Листья уже начинали опадать. Впереди был долгий день - исповедь, литургия,
крестины, отпевание. Несомненно, он будет занят всю первую половину дня.
Затем ему нужно будет, торопясь, продолжить путь в сторону Москвы, чтобы
прочесть вторую часть лекции о христианстве в Доме культуры на Волхонке. С
1988 года Советская власть изменила политику по отношению к верующим: ту
деятельность, которой отец Александр себя посвятил с юности, и до этой поры
вел полулегально - нести слово Божье своим согражданам - теперь продолжал
гласно. 1 сентября он как раз отпраздновал тридцатую годовщину своего
рукоположения. Отныне ни минуты передышки. Это был единственный случай в
Советском Союзе: после того как на протяжении семидесяти дет верующие были
обречены на молчание, он, за которым наблюдала целая команда КГБ, отныне
приглашался в школы, институты, клубы, дома культуры. На Пасху он крестил
шестьдесят взрослых. Себя он совершенно не щадил, близкие тревожились, но он
оставался глух к их советам. Последнее время он казался встревоженным, что
для него было как-то вовсе необычно. Он очень любил природу, и несколько
минут дороги вдоль леса, где под первыми лучами солнца играли осенние
краски, бесспорно должны были придавать ему сил. В этом пейзаже не было
ничего необычного, и тем не менее, был он особенным. В нескольких километрах
отсюда возвышалась Троице-Сергиева Лавра - особое место для Русской
православной Церкви. В середине XIV века преподобный Сергий в лесу основал
скит, и отсюда начался новый духовный взлет России, России, еще не
оправившейся после завоевания страшными монгольскими воинами Чингиз Хана.
Андрей Рублев был там монахом, именно для этого монастыря написал он
знаменитую Троицу. Преподобный Сергий родился в деревне неподалеку отсюда и
ходил по той самой дороге, по которой шел теперь отец Александр...

Чуть позже, его жена, остававшаяся дома, открыв окно, услышала стоны:
бросившись в сад, она увидела за калиткой лежащего в кровавой луже мужчину.

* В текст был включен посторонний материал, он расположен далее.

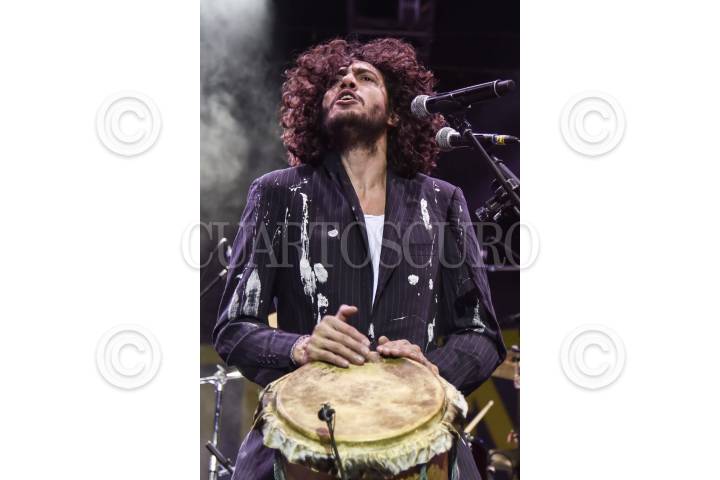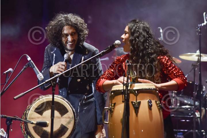 GUANAJUATO, GUANAJAUTO, 19OCTUBRE2018.- La banda colombiana “La chiva Gantiva” durante su presentación en la explanada de la Alhóndiga de Granaditas como parte de los conciertos que ofrece la edición XLVI del Festival Internacional Cervantino. FOTO: MARIO JASSO /CUARTOSCURO.COM

Вернулась, срочно вызвала скорую помощь, затем милицию. Когда вышла вновь,
машина скорой помощи уже была тут. - Почему вы ничего не делаете? - спросила
она врачей. Наконец подошла. Было много крови. Она все не осмеливалась
посмотреть на убитого. Она спросила сама себя: "А мой муж? Он благополучно
добрался до храма?" Кто-то сказал: "Он в черной шляпе был?" Нашли шляпу с
большим острым надрезом. Позже явились свидетели, они видели отца
Александра: он возвращался назад, шел к дому, истекая кровью. Не захотел,
чтобы ему помогли. По всей видимости, он упал перед калиткой, истекши
кровью. Широкая рана на затылке явно была от удара топором. Обстоятельства
преступления, точность, с которой был нанесен удар, заставляют думать, что
это убийство было тщательно подготовлено и совершено профессионалами. Но
почему они выбрали подобное оружие?
"Мы едва начали освобождаться от чувства страха,- писал журналист на
другой день после события. - Топор - очень хорошее средство, чтобы привести
в чувство всех глотнувших свободы. Отрезвить и напомнить"(1). Именно за
топоры хватались русские крестьяне, когда изгоняли чужеземных захватчиков,
врагов. Традиционный символ народного мщения и наказания предателей.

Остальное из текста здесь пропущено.